The research of stem cells occurs in America, but it isn't endorsed by the government (Pros and Cons of Stem Cell Research). Stem cell research is legal but legislation has been passed to prevent federal funding. Why can this research be allowed but not funded? Many critics state that since stem cell research is such a controversial issue, such legislation had to be passed against it. But the legislation that was passed does not put an end to the controversial issue; it simply does not provide it with federal funding. Any other level of government, such as state or local, is free to fund the research if the citizens of that government choose to do so (Robinson). But why exclude the federal government? The smaller levels of government usually prove not to have adequate funds to cover the extensive research needed. Having local governments to fund the research also causes the issue to be unequal throughout the country. With some governments in America funding research and others disallowing it, not everyone in the country has an equal chance at recovery from the terrible diseases that they suffer. If the federal government funded the research, then everyone would have an equal opportunity.
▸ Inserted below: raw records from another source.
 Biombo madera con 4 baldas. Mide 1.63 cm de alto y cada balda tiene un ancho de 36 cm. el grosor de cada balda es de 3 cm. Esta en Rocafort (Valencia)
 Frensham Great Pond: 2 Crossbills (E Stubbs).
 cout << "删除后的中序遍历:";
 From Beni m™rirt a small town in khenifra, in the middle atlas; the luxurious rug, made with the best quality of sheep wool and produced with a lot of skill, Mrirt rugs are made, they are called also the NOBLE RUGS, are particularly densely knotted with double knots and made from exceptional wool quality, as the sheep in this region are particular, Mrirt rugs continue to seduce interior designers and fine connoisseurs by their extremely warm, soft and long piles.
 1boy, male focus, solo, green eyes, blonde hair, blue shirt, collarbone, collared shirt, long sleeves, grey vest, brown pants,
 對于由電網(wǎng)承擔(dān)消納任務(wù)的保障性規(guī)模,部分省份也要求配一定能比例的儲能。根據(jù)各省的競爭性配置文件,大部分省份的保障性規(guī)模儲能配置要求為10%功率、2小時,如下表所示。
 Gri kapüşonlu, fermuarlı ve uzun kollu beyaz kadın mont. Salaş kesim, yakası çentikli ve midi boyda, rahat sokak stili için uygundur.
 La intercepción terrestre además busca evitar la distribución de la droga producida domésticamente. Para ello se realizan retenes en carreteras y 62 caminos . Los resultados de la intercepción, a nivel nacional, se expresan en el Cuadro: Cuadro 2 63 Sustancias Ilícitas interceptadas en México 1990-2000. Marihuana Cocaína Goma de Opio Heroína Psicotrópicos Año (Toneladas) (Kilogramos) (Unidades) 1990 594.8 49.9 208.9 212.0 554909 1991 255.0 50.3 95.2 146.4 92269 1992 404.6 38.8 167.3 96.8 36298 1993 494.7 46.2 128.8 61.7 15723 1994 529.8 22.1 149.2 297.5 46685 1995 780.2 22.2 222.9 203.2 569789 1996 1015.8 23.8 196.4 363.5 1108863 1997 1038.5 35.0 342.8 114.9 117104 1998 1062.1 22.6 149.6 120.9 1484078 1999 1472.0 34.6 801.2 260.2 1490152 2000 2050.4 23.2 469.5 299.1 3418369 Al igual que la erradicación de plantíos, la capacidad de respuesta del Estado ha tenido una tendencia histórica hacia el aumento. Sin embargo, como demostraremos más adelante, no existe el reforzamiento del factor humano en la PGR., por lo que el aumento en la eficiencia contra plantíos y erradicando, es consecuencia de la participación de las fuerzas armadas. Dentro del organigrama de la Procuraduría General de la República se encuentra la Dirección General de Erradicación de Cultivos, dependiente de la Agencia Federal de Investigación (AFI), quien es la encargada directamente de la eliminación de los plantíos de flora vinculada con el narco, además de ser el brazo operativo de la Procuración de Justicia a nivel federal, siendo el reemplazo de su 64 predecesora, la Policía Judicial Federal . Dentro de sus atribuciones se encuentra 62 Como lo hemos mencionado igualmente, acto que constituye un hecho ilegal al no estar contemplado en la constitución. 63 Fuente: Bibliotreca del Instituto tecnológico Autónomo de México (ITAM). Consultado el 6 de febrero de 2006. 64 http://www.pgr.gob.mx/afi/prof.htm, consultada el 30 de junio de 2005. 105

Why is stem cell research so controversial? It's a life-saving study, but there are many aspects of the research that many people don't support. Stem cells mainly come from human embryos and umbilical cords. Many argue that the use of human embryos for harvesting stem cells is unethical (Ethics of Stem Cell Research). Those who oppose it suggest that a human life is killed when the stem cells are collected. Although the embryo that is used for gathering the stem cells is destroyed, the embryos that are used are the results of abortion (Schnurr). Whether the fetus will be used for research or not, it has already been aborted and will be discardedand wasted. Pro-life activists believe that if stem cell research is endorsed, then abortion will never be abolished (Schnurr). This idea is false because stem cell research could continue without the use of aborted fetuses; the stem cell simply would not be as plentiful. Stem cell research could use the blood from the umbilical cord to further the research (Fumento). This would decrease the progress of the research

Stem cell research is an advanced scientific discovery that has the possibility to revolutionize the medical community if adequately funded. The research has the potential to cure presently "incurable" diseases and give many people a chance at a better life. Scientists have been searching for a discovery that could change everything for the better. It's right in front of us, but will we seize the opportunity to benefit from it?